Data Visualization Integrity

07.06.24 03:17 PM - Comment(s) - By 101datacreations

Data Visualization Integrity

In today’s age of big data, raw data can be overwhelming and unmanageable for companies. With thousands, if not millions, of rows of data spread across multiple tables, manually combining multiple data sources can be a daunting task that is both time-consuming and prone to human error. This is where data preparation and visualization tools come into play. Analysts can easily merge, clean, and condense data into visually appealing graphs and charts, making it easier to derive actionable insights.


However, the popularity of these tools does not guarantee accurate and reliable results. Data scientists must ensure that they follow a detailed design procedure to maintain data and visual integrity. Visual integrity ensures that the visuals being shown accurately represent the raw data sources they originate from. In this article, we will outline some of the best practices that should be followed to ensure visual integrity.


Cite Data Sources

Proper citation of data sources, whether internal or external, is critical. By citing data sources, developers can locate raw data sources quickly in case of errors. Leaving this step out can create credibility difficulties when it comes to stakeholder buy-in, and leadership may raise questions as to how the data was gathered. Hence, data sources must be cited appropriately.


Ensure Data Prep is Accurate

It is important to go through all of your data with a fine-tooth comb before beginning any visual aspect of the development. With automation behind many data cleaning tools, it can be easy to overlook critical steps in the initial data preparation. Therefore, it is essential to double-check your cleaning steps to ensure that there are no incorrectly placed filters or calculations that may hide vital elements of data. Failure to do so can lead to important data being left out, resulting in incorrect results and false insights for decision makers.

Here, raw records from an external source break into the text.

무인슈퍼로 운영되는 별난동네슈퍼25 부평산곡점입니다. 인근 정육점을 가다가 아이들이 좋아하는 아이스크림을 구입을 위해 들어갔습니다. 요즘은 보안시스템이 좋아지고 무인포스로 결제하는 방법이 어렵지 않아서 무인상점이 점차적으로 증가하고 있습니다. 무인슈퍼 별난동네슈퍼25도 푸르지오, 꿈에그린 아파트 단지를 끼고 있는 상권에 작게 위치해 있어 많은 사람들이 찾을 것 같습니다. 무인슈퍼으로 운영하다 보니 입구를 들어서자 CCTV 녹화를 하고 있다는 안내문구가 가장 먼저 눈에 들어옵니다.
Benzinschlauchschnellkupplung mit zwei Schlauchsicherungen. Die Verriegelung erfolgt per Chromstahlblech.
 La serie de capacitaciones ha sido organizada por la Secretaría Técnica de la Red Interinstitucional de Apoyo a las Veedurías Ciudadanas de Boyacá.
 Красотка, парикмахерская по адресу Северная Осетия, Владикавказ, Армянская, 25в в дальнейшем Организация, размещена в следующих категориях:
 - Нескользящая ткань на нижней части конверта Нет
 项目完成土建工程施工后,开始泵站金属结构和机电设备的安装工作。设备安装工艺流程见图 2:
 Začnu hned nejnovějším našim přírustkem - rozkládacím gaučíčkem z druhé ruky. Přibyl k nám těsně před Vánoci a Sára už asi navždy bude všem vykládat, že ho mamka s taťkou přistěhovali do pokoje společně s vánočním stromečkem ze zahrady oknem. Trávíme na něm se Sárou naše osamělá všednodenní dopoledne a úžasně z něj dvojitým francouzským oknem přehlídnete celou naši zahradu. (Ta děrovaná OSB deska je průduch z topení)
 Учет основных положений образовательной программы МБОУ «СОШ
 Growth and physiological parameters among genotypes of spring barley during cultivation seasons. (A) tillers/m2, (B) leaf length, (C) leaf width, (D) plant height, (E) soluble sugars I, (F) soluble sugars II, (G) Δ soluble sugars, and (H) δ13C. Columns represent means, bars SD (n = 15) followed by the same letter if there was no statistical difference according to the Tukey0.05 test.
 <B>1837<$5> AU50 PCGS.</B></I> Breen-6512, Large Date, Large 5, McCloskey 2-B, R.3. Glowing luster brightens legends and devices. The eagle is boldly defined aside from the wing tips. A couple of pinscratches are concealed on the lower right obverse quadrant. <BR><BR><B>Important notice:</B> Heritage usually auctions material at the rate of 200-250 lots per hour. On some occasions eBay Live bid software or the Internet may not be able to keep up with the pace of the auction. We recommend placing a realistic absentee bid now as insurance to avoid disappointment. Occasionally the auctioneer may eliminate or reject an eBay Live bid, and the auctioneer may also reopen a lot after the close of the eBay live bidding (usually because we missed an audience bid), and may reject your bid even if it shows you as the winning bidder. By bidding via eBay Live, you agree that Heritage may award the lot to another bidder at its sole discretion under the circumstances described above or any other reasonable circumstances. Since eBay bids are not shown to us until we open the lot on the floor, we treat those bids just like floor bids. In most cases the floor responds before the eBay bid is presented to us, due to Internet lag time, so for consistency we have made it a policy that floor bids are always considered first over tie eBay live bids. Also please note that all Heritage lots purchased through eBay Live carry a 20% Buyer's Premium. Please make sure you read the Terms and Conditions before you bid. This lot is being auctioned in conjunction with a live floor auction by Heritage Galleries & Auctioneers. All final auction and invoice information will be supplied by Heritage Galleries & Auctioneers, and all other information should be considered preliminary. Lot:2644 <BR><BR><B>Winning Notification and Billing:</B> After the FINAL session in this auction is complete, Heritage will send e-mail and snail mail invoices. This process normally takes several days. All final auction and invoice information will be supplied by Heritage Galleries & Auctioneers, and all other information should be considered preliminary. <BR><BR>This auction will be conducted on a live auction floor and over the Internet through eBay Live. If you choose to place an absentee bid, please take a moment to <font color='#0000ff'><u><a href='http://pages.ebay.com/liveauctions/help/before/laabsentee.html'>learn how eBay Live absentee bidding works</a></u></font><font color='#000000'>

Make Sure Data is Not Misleading

Developers must ensure that they are not excluding information from visuals due to personal bias or the desire to influence the organization in a particular direction. This could include removing an outlier value or scaling the visual to manipulate perception. Consistency in presentation is also key to ensure that visuals are accurately interpreted by viewers. By avoiding these biases, data analysts and scientists can present credible, accurate, and reliable data to decision-makers.


In conclusion, it is essential to maintain visual integrity while presenting data to stakeholders. Following the above practices can help ensure that the data presented is accurate and credible, providing valuable insights to decision-makers. By being diligent in maintaining data and visual integrity, data analysts and scientists can gain the trust and confidence of their stakeholders, which will lead to more informed and confident decision-making.